FindPy is the analyst's assistant.
A swarm of specialized AI agents that autonomously plan and conduct OSINT investigations, with cryptographic provenance on every claim. Sovereign by default. Built for the Indian Air Force.
THE PROBLEM
Open-source intelligence has outgrown the analyst. A single geopolitical event spawns thousands of articles, hundreds of social posts in a dozen languages, and floods of imagery — much of it now AI-generated or part of coordinated influence operations. Traditional tools scrape and dashboard. They don't reason, they don't verify, and they leave the analyst alone with raw data and a deadline.
THE THESIS
FindPy decomposes an analyst's plain-language question into a directed graph of tasks dispatched to 11 specialized agents — web crawlers, social listeners, satellite STAC search, image forensics, deepfake jury, geolocator, source credibility, narrative genealogy, coordinated-behavior detection. They collaborate via a shared property graph, and the planner can re-plan when partial results land.

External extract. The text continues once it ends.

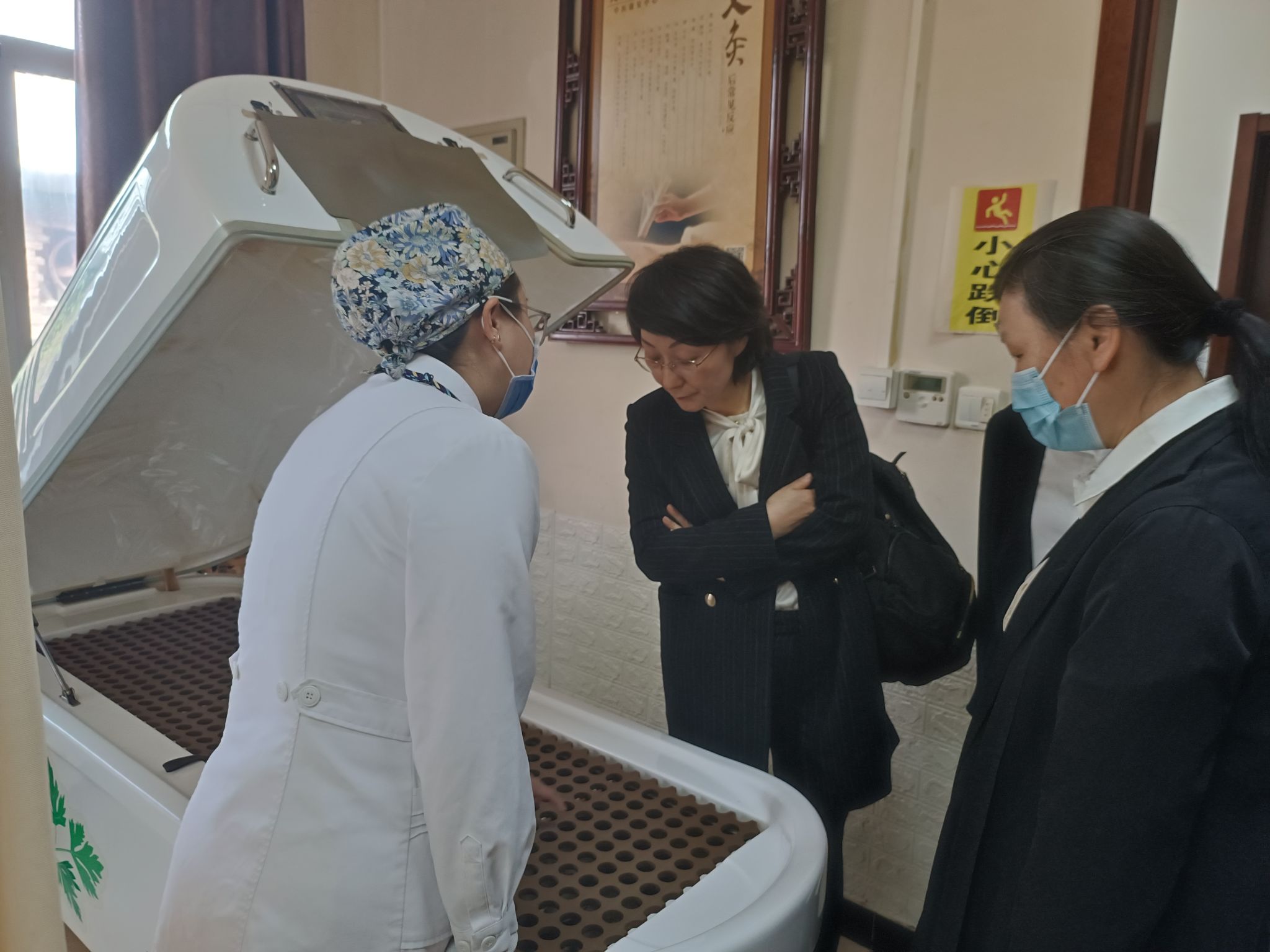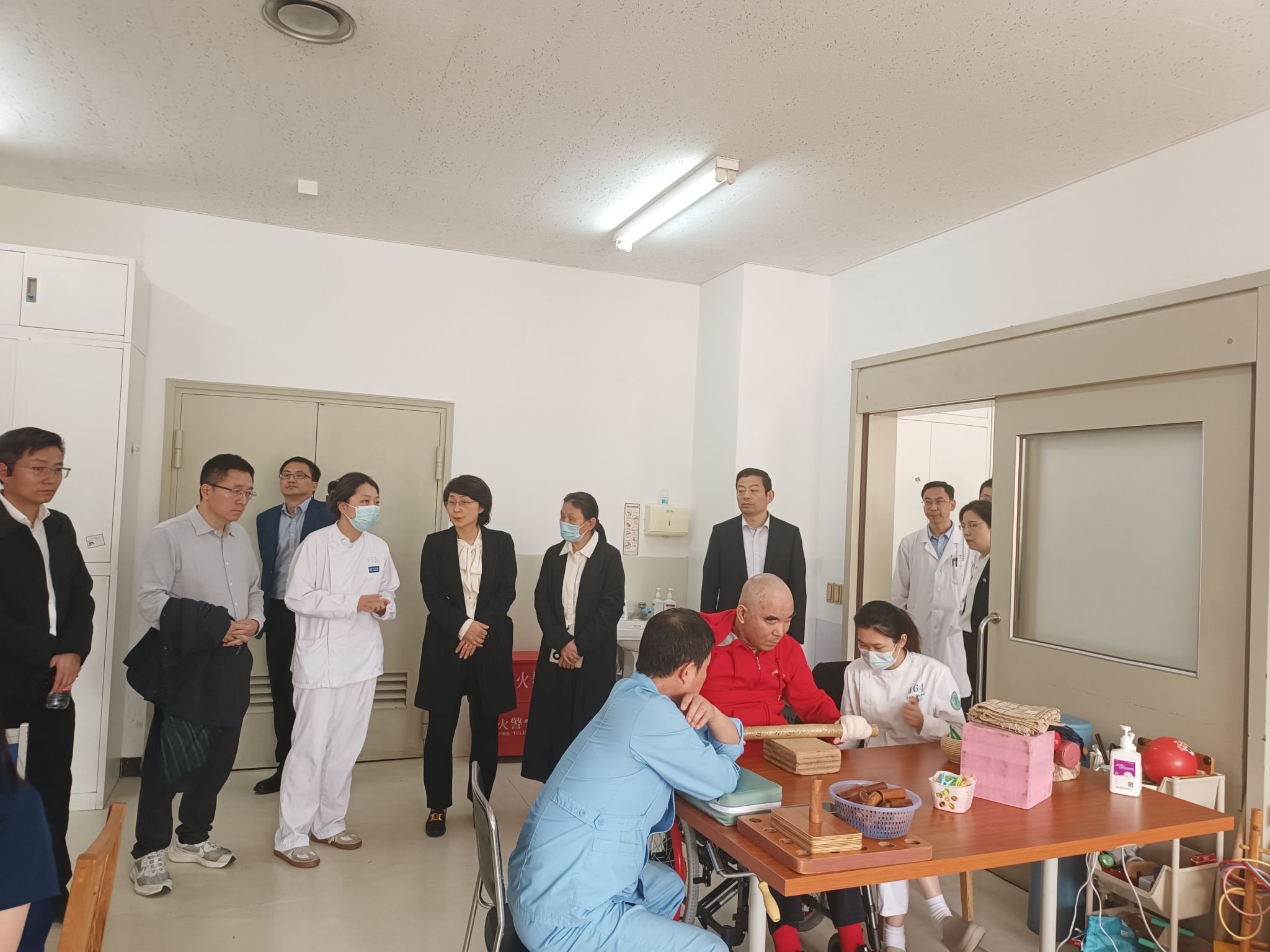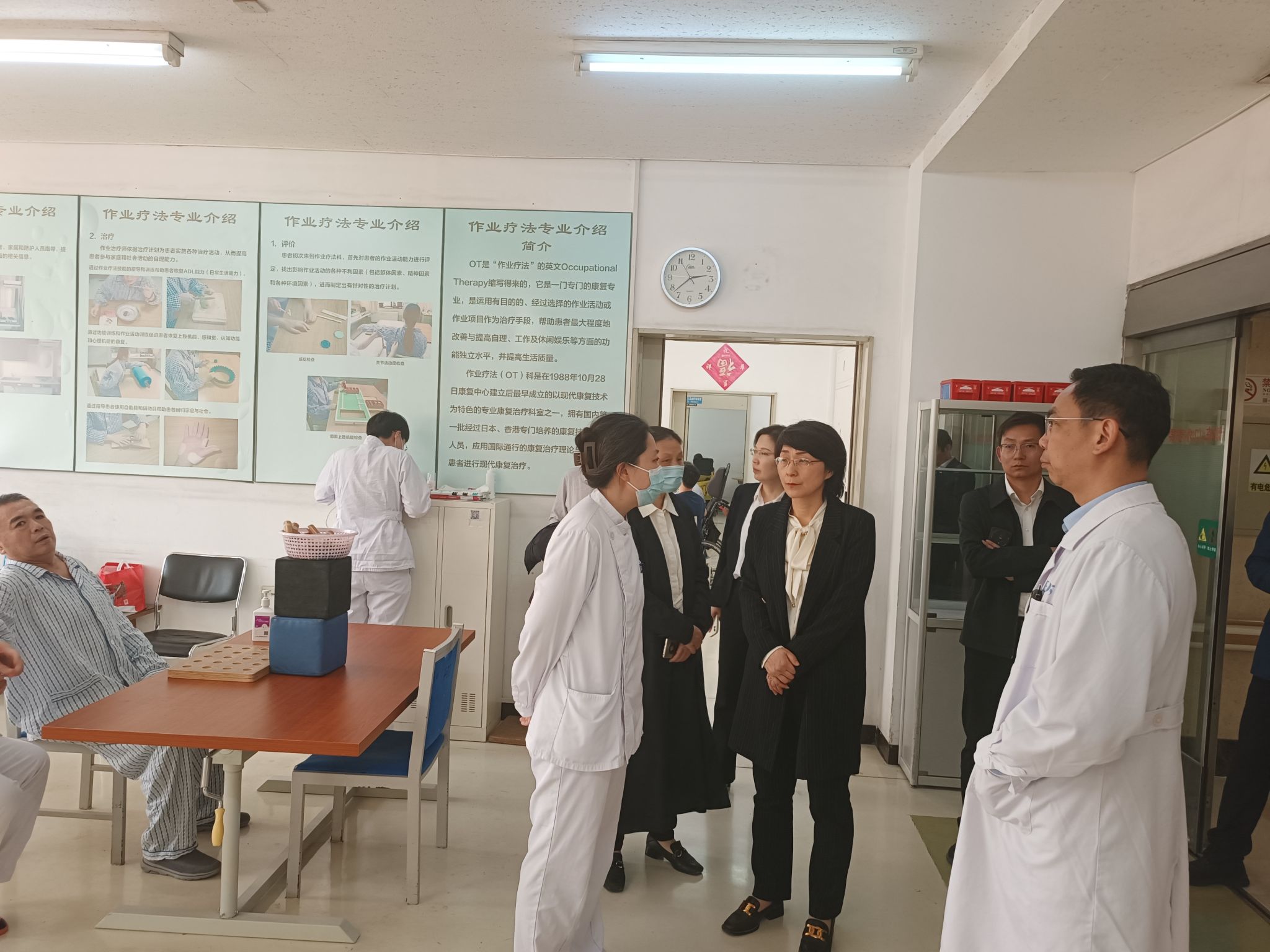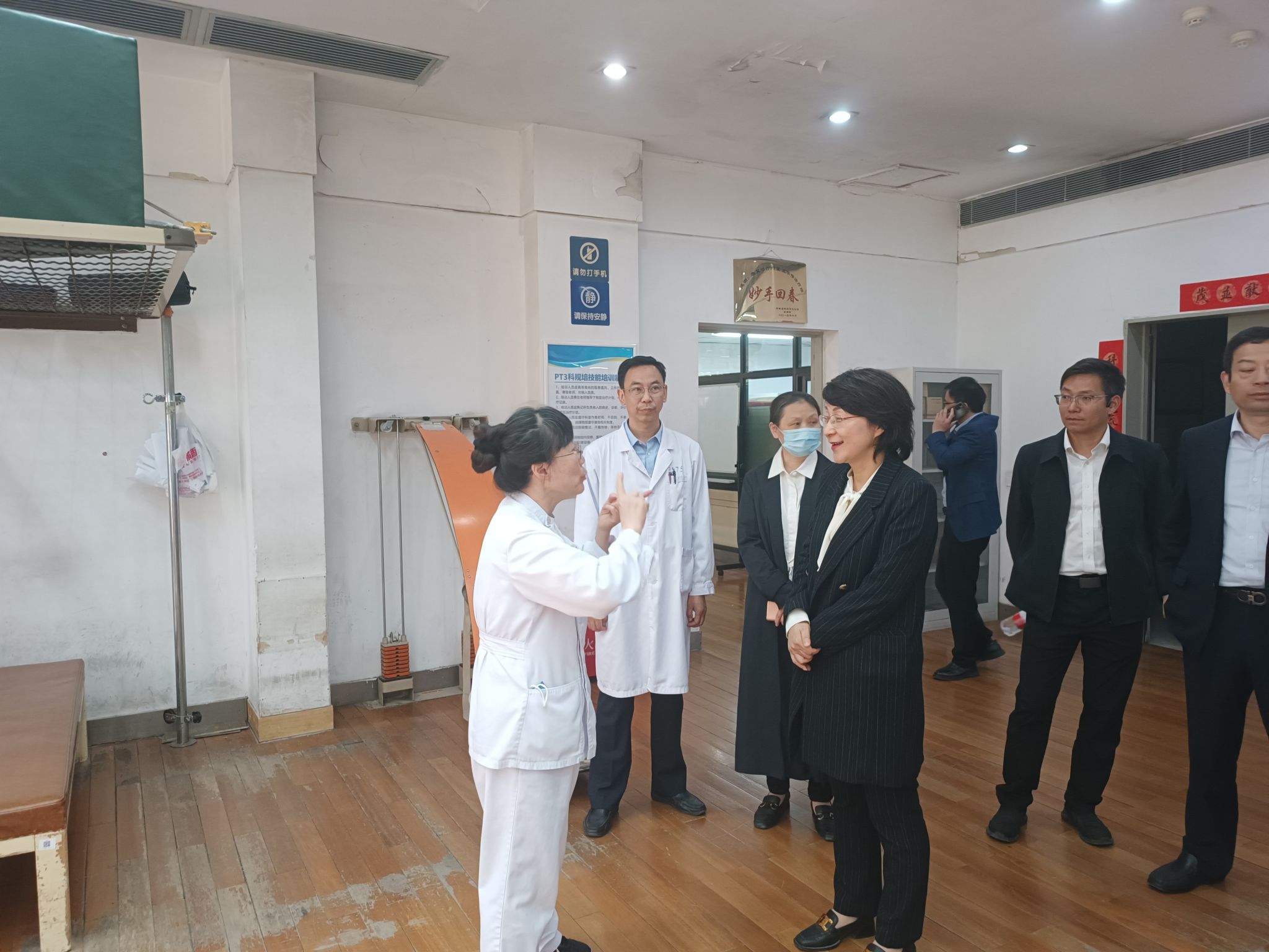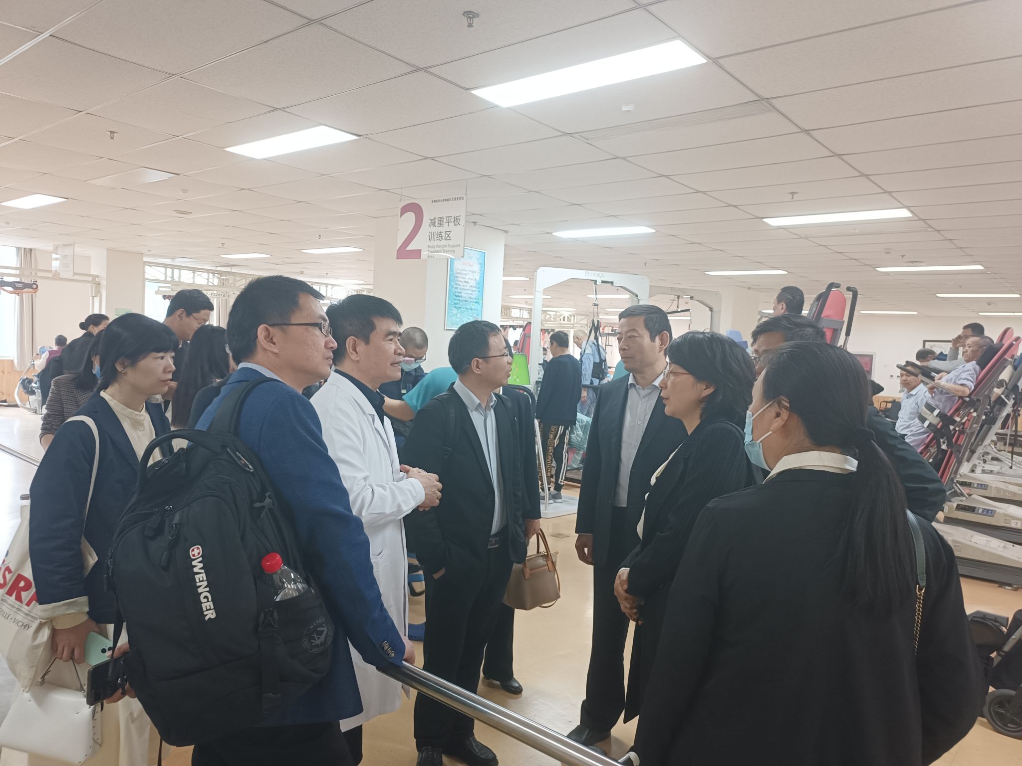 调研组一实地参观了首都医科大学附属北京康复医院门诊、肌骨康复中心心脏康复中心康复诊疗中心以及中医熏蒸等,并与首都医科大学附属北京康复医院副经理公维军以及相关科室负责人就实践教学安排、医院团队建设等进行深入交流。

Every source is content-hashed and HMAC-signed at ingest. Every claim cites its sources. A single endpoint re-verifies every envelope and re-hashes every artifact byte — a defensible chain of custody before action.
WHAT MAKES IT DIFFERENT
- Agentic, not pipeline. Most OSINT tools are linear scrape→clean→dashboard. FindPy dispatches agents that read & write a shared evidence graph and the planner can re-plan after seeing partial results.
- Verifiable evidence. Every Source carries a content hash + HMAC signature over a canonical envelope. The audit endpoint re-verifies all signatures and re-hashes all bytes — defensible up the chain of command.
- Real forensic jury. Five real algorithms vote with explainable rationale: ELA, JPEG-ghost recompression, NOAA sun-position shadow physics, GAN-fingerprint heuristic, and amplification-pattern analysis (the OSINT-grade signal that catches influence ops even when pixels look clean).
- Sovereign by default. Hot-swappable LLM layer (Ollama / vLLM / mock). Air-gap mode switch disables all outbound network. No hosted API in the demo path.
- IAF-vertical. Aerial-domain gazetteer, Sentinel-2 STAC change-detection wired against Copernicus, demo scenarios built around airbase change-detection rather than celebrity news.
HOW IT WORKS
- Analyst types a question in plain English.
- Planner LLM decomposes it into a DAG of tasks.
- Agents fan out, ingest sources, sign every artifact at ingest.
- Image agents extract pHash + EXIF; sat-imagery agent calls STAC.
- Credibility scorer rates every source on four factors.
- Deepfake jury votes on every image; CIB agent looks for clusters.
- Synthesizer writes a brief — every claim ends with an evidence ID.
- Audit endpoint can re-verify every signature on demand.
WHO IT IS FOR
THE STACK
- LLM ............. Ollama / vLLM / OpenAI-compatible / mock
- Reasoning ....... Qwen2.5-72B (production), qwen2.5:7b (dev)
- Embeddings ...... hashing-trick (dev) → BGE-M3 (production)
- Evidence graph .. SQLite (dev) → Neo4j (production)
- Backend ......... FastAPI + WebSocket pub/sub
- Frontend ........ Next.js 14 + Tailwind + React Flow + Leaflet
- Sat imagery ..... Sentinel-2 via Copernicus Earth Search STAC
- Forensics ....... pure PIL + numpy (no model weights required)
- Signing ......... HMAC-SHA256 (dev) → Ed25519 (production)
STATUS
v0.1 — prototype. 11 agents working end-to-end. Real forensic jury. Real Sentinel-2 STAC discovery. Real evidence-graph audit. 23/23 tests passing. Frontend live, backend on Fly.io Mumbai region. Designed for an ADITI 4.0 / iDEX submission to the Indian Air Force's Problem Statement 18.